Refer to this how-to doc for more detais.
Editing the health check to point to the readiness probe's path and changed the port to the one of the HTTP back-end fixed this issue (look for the port in the HTTP back-end's health check. it is the NodePort's.). It runs know without any issues.
Using the same health check for the gRPC back-end as for the HTTP back-end did not work, it was reset back to its own health check. Even deleting the gRPC back-end's health check did not help, it was recreated. Only editing it to use a different port and path has helped.

Accessing service health checks ports after configuring istio

So we're deploying istio 1.0.2 with global mtls and so far it's gone well.
For health checks we've added separate ports to the services and configured them as per the docs:
https://istio.io/docs/tasks/traffic-management/app-health-check/#mutual-tls-is-enabled
Our application ports are now on 8080 and health checks ports are on 8081.
After doing this Kubernetes is able to do health checks and the services appear to be running normally.
However our monitoring solution cannot hit the health check port.
The monitoring application also sits in kubernetes and is currently outside the mesh. The above doc says the following:
Because the Istio proxy only intercepts ports that are explicitly declared in the containerPort field, traffic to 8002 port bypasses the Istio proxy regardless of whether Istio mutual TLS is enabled.e
This is how we have it configured.
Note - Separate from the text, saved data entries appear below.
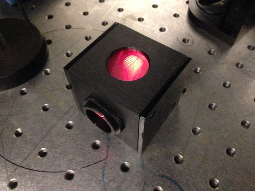 This alignment laser is basically a continuous wave-visible light laser that goes through a optical fiber and afterwards enters a beam coupler. I used a shearing interferometer (described above) to make sure that the outgoing beam was collimated, and then used the collimated beam for backward alignment.
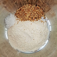 Weigh 150 grams of all-purpose flour, 50 grams of crushed dried walnuts, add 1 gram of salt and 10 grams of white sugar and mix;
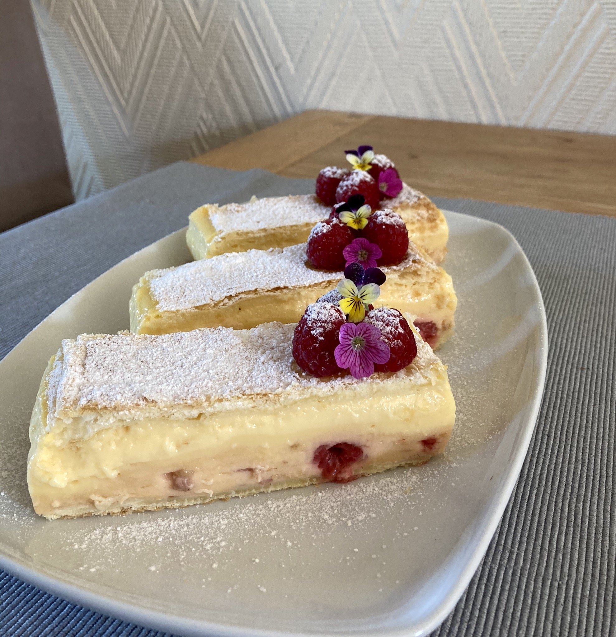 Десерт с къстард и малини
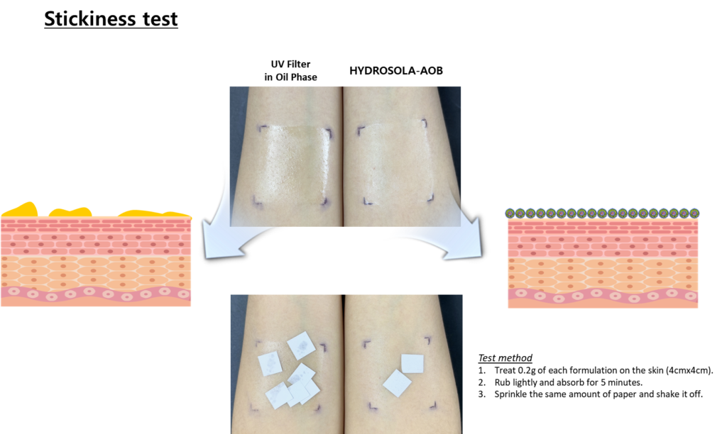더불어, HYDROSOLA-AOB는 다중층으로 감싼 유기 자외선 필터가 피부에 안정하게 도포되어 선크림 제형에 적용시 기존 유기 자외선 필터 기반 제형 대비 오일감이 적고, 보다 산뜻한 마무리감을 제공합니다.
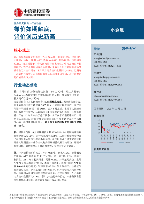 【中信建投证券】【20250707】小金属行业:锑价如期触底,钨价创历史新高-10页
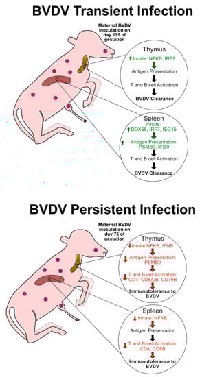 Graphic summarizing significant changes in fetal immune responses based on type of infection and tissue, as interpreted by RT-qPCR analysis. BVDV transient infection represents a fetal infection after gestational day 160 in which the fetus is able to clear the virus. Trends include an upregulation in genes associated with the innate immune response. Day 190 of collections may have been too early to capture an adaptive immune response in TI fetuses. However, we hypothesize that these pathways contribute to BVDV clearance in TI animals. BVDV-persistent infection represents a fetal infection before gestational day 120 in which the fetus is unable to clear the virus. Trends include a drastic down-regulation of the innate and adaptive branches of the immune system, and may lead to immunotolerance of the fetus to BVDV. In future studies, TI BVDV clearance and PI immunotolerance will be studied further with protein targets and flow cytometry. Green text, up arrow left of text, and listed genes represent pathways and genes which were significantly upregulated, as determined by RT-qPCR. Red text, down arrow left of text, and listed genes represent pathways and genes which were significantly downregulated as determined by RT-qPCR.
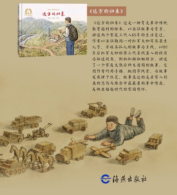 这是一种有关革命传统教育题材的绘本,以长征故事为背景,讲述两个家庭三代人80年的生活变迁。作者以长征期间一对红军夫妇寄养亲生儿子,并收养孤儿的故事为主线,以80年后红军夫妇的第三代寻找亲人的经历为叙述视角,倒叙和插叙相结合,讲述了一个家庭失散后终又团圆的故事。文图作者巧用手镯、地图等线索,为故事发展埋下伏笔。故事表达的是在家人别离的悲伤与思念中蕴藏着的革命情感,反映出超越时代的家国情怀。
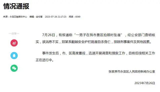 7 月 26 日,有报道称 " 一男子在我市景区拍照时坠崖 ",经公安部门查明核实,该消息不实,郑某系翻越安全护栏跳崖自杀身亡,排除刑事案件及其他因素。
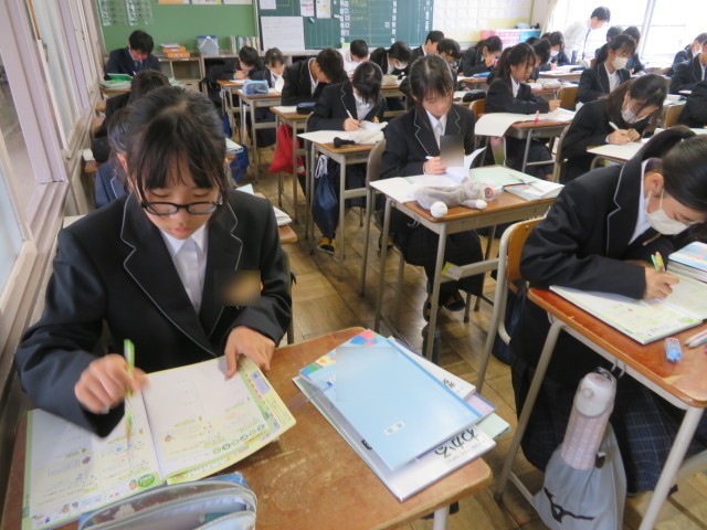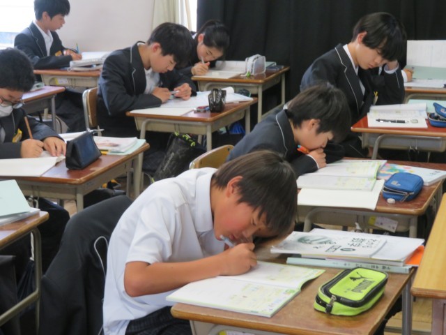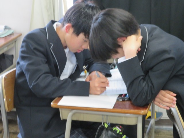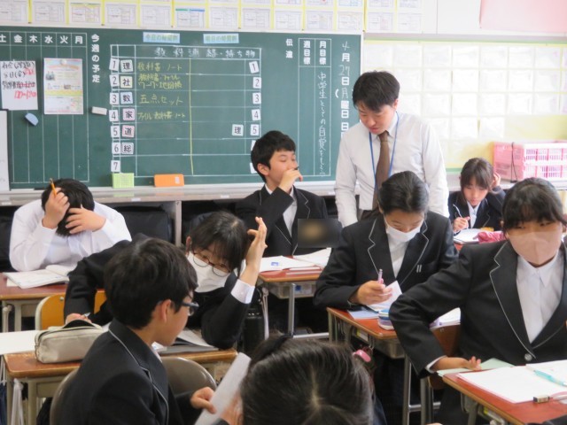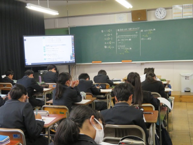 1年生の数学の授業のようすです。「数直線を使って数を求めよう」というめあてで学習を進めていました。「大きい」や「小さい」は数直線上ではどのような意味になるのか考えながら、求める数がいくつになるのか説明することができましたね。
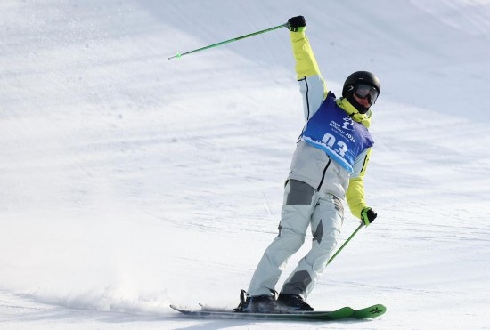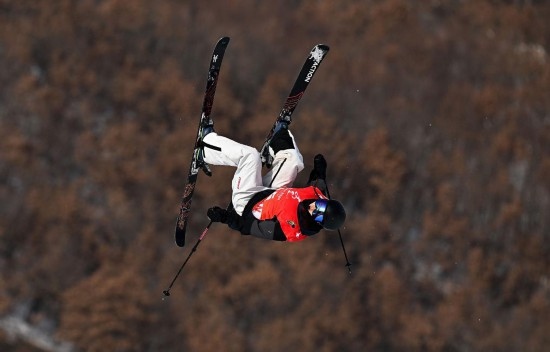 2月17日,內(nèi)蒙古隊(duì)選手楊昊在比賽中慶祝,他以174.75分的成績(jī)獲得冠軍。新華社記者 王楷焱 攝

So in our case 8081 should be outside the mesh:
livenessProbe:
failureThreshold: 3
httpGet:
path: /manage/health
port: 8081
scheme: HTTP
initialDelaySeconds: 180
periodSeconds: 10
successThreshold: 1
timeoutSeconds: 1
name: <our-service>
ports:
- containerPort: 8080
name: http
protocol: TCP
readinessProbe:
failureThreshold: 3
httpGet:
path: /manage/health
port: 8081
scheme: HTTP
initialDelaySeconds: 10
periodSeconds: 10
successThreshold: 1
timeoutSeconds: 1
However we can't access 8081 from another pod which is outside the mesh.
For example:
curl http://<our-service>:8081/manage/health
curl: (7) Failed connect to <our-service>:8081; Connection timed out
If we try from another pod inside the mesh istio throws back a 404, which is perhaps expected.
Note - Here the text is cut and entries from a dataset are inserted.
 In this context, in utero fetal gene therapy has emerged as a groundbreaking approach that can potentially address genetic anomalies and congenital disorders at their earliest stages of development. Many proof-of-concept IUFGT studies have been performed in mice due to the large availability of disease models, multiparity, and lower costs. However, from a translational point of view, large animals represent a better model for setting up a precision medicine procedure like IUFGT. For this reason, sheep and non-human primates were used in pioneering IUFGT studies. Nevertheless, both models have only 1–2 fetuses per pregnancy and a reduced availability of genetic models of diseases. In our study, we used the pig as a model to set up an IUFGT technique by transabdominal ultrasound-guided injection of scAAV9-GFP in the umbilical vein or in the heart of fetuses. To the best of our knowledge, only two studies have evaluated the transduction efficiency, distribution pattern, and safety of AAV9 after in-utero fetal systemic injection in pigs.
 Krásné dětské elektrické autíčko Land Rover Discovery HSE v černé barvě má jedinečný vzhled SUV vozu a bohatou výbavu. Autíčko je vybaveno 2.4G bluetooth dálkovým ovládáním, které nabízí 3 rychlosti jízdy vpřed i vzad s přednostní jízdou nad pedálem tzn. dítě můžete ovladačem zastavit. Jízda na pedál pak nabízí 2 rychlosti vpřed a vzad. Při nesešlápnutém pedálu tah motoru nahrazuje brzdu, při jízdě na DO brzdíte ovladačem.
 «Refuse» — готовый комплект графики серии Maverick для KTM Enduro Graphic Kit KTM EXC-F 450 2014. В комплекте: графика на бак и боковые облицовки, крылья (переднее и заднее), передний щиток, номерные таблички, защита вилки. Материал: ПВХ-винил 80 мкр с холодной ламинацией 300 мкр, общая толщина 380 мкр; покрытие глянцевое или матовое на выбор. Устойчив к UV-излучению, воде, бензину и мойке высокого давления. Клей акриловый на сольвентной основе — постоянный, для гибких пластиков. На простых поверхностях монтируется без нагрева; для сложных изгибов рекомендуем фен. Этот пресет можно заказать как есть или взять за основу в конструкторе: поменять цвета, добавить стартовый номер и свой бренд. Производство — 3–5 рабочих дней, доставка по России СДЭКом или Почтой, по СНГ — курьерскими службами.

I tried to play around with destination rules like this:
apiVersion: networking.istio.io/v1alpha3
kind: DestinationRule
metadata:
name: <our-service>-health
spec:
host: <our-service>.namepspace.svc.cluster.local
trafficPolicy:
portLevelSettings:
- port:
number: 8081
tls:
mode: DISABLE
But that just kills all connectivity to the service, both internally and through the ingress gateway.
According to the official Istio Documentation port 8081 will not get through Istio Envoy, hence won’t be accessible for the other Pods outside your service mesh, because Istio proxy determines only the value of containerPort transmitting through the Pod's service.
In case you build Istio service mesh without TLS authentication between Pods, there is an option to use the same port for the basic network route to the Pod's service and the readiness/liveness probes.
However, if you use port 8001 for both regular traffic and liveness
probes, health check will fail when mutual TLS is enabled because the
HTTP request is sent from Kubelet, which does not send client
certificate to the liveness-http service.
Assuming that Istio Mixer provides a three Prometheus endpoints, you can consider using Prometheus as the main monitoring tool in order to collect and analyze the mesh metrics.